Everything in the listing below must be set down again exactly, apart from the pictures.

>>>>>

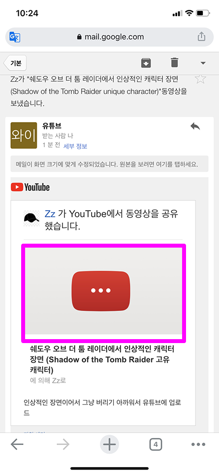 다시 제 보조 구글 계정으로 들어가 보니 아래 이미지와 같이 동영상 공유 메일이 와있습니다. 해당 유튜브 동영상 링크를 클릭하시면 다른 사람에게 비공개이지만 저만 볼 수 있는 유튜브 동영상이 생겼습니다.
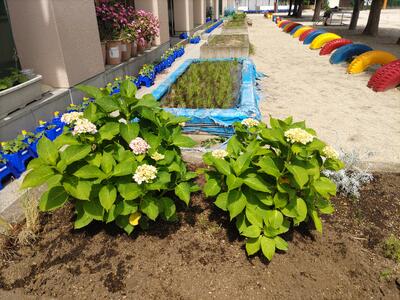 校庭からデイサービス門に向かう斜面にアジサイを植える予定となっています。暑い時期ですが、木陰での作業になりますので、もしよろしければ虫よけ持参のうえご参加ください。お待ちしております。
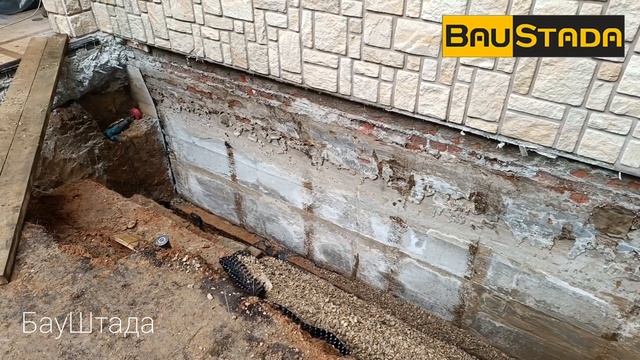На данном объекте был реализован комплекс работ по защите фундамента подвала от затопления. Были применены разные комбинации устройства дренажа по периметру строения для достижения необходимого результата.
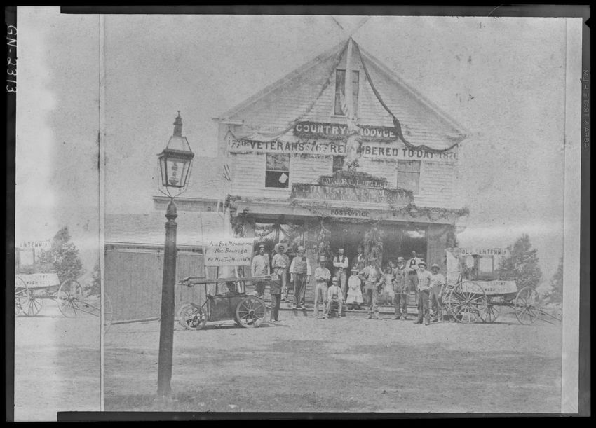 The image shows a group of people standing in front of Little's Old Store on the corner of Parker Street in Newbury, Massachusetts. The building has signs that read "Country Produce," "Veterans of '76 Remembered to Date," and "Post Office." The first man on the left is identified as Charles Lunt's f...
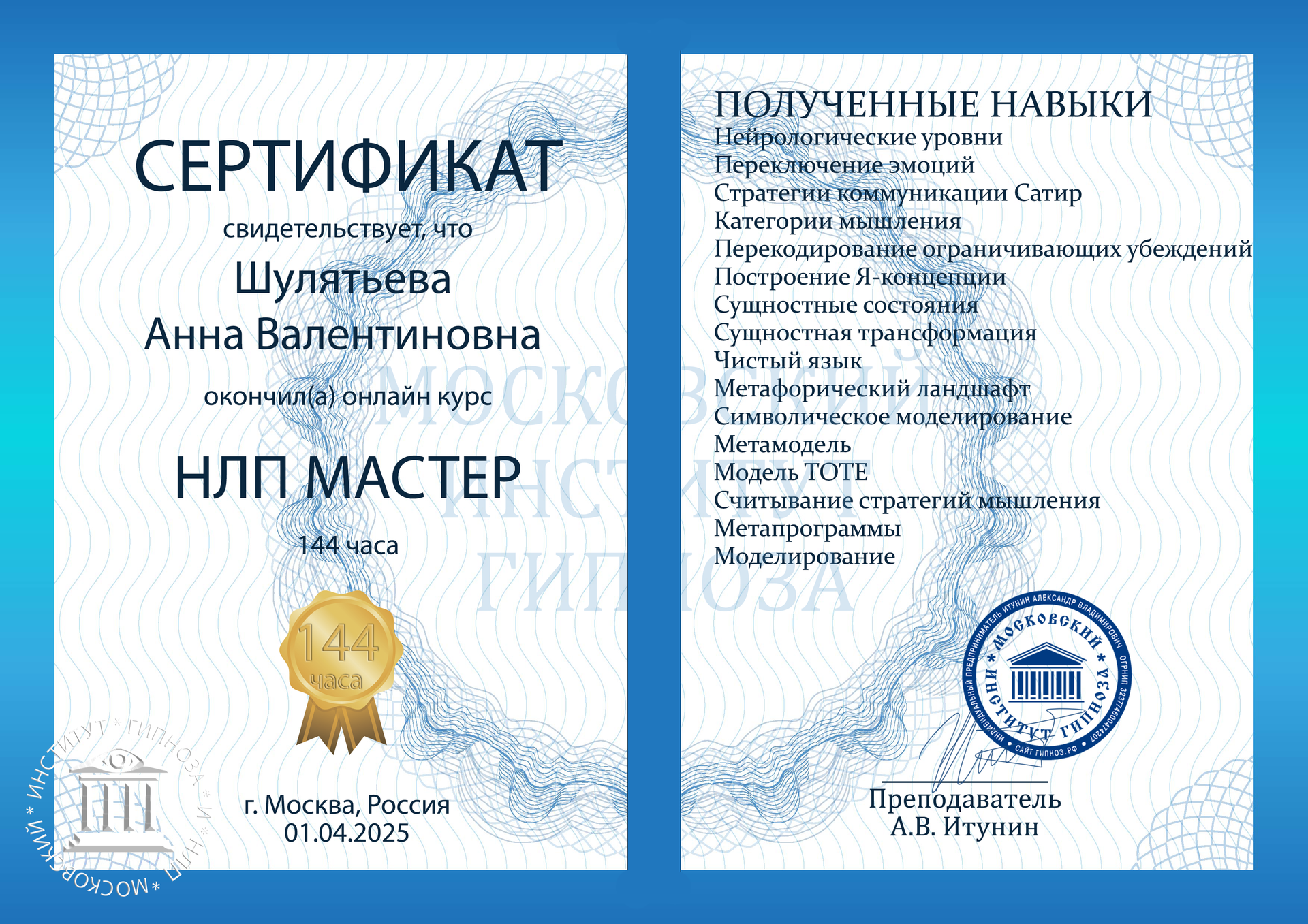 Образование. Профессиональный фотограф и психолог Шулятьева Анна в Котласе и Москве
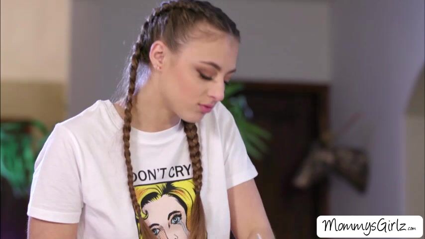 Hot teen Gia Derza gets on all fours to rub and lick stepmoms pussy

<<<<<

## Exercise output
 다시 제 보조 구글 계정으로 들어가 보니 아래 이미지와 같이 동영상 공유 메일이 와있습니다. 해당 유튜브 동영상 링크를 클릭하시면 다른 사람에게 비공개이지만 저만 볼 수 있는 유튜브 동영상이 생겼습니다.
 校庭からデイサービス門に向かう斜面にアジサイを植える予定となっています。暑い時期ですが、木陰での作業になりますので、もしよろしければ虫よけ持参のうえご参加ください。お待ちしております。
На данном объекте был реализован комплекс работ по защите фундамента подвала от затопления. Были применены разные комбинации устройства дренажа по периметру строения для достижения необходимого результата.
 The image shows a group of people standing in front of Little's Old Store on the corner of Parker Street in Newbury, Massachusetts. The building has signs that read "Country Produce," "Veterans of '76 Remembered to Date," and "Post Office." The first man on the left is identified as Charles Lunt's f...
 Образование. Профессиональный фотограф и психолог Шулятьева Анна в Котласе и Москве
 Hot teen Gia Derza gets on all fours to rub and lick stepmoms pussy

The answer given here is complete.